Mas, para lá de todas as questões que possam ser discutidas para aperfeiçoamento da lei penal e processual, um dos grandes desígnios deverá passar pela valorização das provas e meios de prova possíveis e reconhecíveis em caso de abusos, pois estes são muitas vezes silenciosos e sem «rasto visível». Porque propostas demagógicas, populistas e que buscam dar protagonismo a quem as propõe não são propostas amigas e defensoras das crianças – são cínicas porque sabem que são inviáveis e que não resolvem qualquer tipo de problema. Não são sérias.

«No âmbito do direito penal, é de facto relevante que se aumente, como se aprovou esta semana na generalidade no Parlamento, o aumento da prescrição para apresentação de queixa. É um sinal importante que damos enquanto sociedade, de que as vítimas possam ter, até aos 30 anos de idade (ou até mesmo os 40 anos), a possibilidade de considerarem se querem ou não avançar para uma queixa sobre crimes desta natureza.»

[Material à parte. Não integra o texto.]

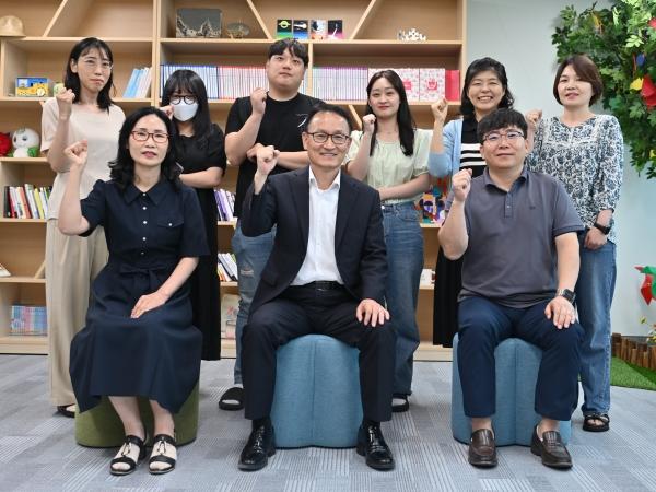 | ¾ç±Ô½Â ¼¾ÅÍÀå(¾ÕÁÙ Áß¾Ó)°ú û¼Ò³â»ó´ãº¹Áö¼¾ÅÍ Á÷¿øµé. |

Por outro lado, será preciso pôr em evidência que o melhor caminho para uma verdadeira política de prevenção de abuso é o da transmissão do conhecimento, adaptada a cada idade, com a implementação de uma verdadeira educação sexual. E este é um combate a ser travado por todos os democratas, contra todas as ideias retrógradas, anti-educação sexual. O conhecimento transmitido adequadamente, desde as idades mais precoces, permite que as crianças possam saber falar do que experienciam, do que lhes acontece, e esses sinais podem, em caso de abusos, ser precoce e antecipadamente identificados pelos seus cuidadores.

Por isso, uma escola com educação sexual adequada a cada idade, a formação específica de educadores, professores, cuidadores e famílias, o conhecimento a ser transmitido e as condições e ferramentas para intervir sobre realidades de abuso, podem e devem ser uma realidade no nosso país.

Para isso, é obviamente necessário identificar as fragilidades dos serviços públicos que intervêm nesta matéria, seja no plano da prevenção, como na sequência de um processo penal. Que meios são necessários para reforçar e capacitar no Serviço Nacional de Saúde? E nas escolas? E nas instituições de apoio social? Quais os meios necessários a reforçar no plano da investigação criminal, como as que dão suporte a perícias? Quantas pessoas é necessário o Estado contratar? Quais as orientações que estão, no presente, a ser seguidas para estes casos? Estão actualizadas à luz do mais recente conhecimento científico desenvolvido nesta matéria? Que formação têm ou precisam de ter estes profissionais? Existe, na prática, alguma dimensão de multidisciplinaridade nestes casos?

É pois preciso, a partir do conhecimento concreto de quantos processos desta natureza e outros similares existem, identificar e contratar quadros para o Estado com formação específica e adequada a intervir nesta matéria. A par de resolver o problema estrutural de falta de psicólogos e outros profissionais preparados, no Serviço Nacional de Saúde, com formação adequada a intervir nestas áreas, assim como dotar, nomeadamente, as Comissões de Protecção de Crianças e Jovens, de meios, que estejam devidamente formados, para acompanhar as situações de risco e detectar problemas, priorizando sempre as crianças, mas também protegendo os cuidadores que as defendem.

«As crianças têm direito à protecção da sociedade e do Estado, com vista ao seu desenvolvimento integral», conforme determina o artigo 69.º da Constituição da República Portuguesa, e, nesse sentido, há um comando constitucional no sentido de se impor a toda a sociedade, instituições públicas e privadas, medidas de combate a quaisquer formas de violência. Façamo-lo. Todas as crianças têm direito a crescer felizes e protegidas. Esse é também um desígnio da Revolução iniciada a 25 de Abril e que pode e deve ser cumprido colectivamente por nós enquanto sociedade.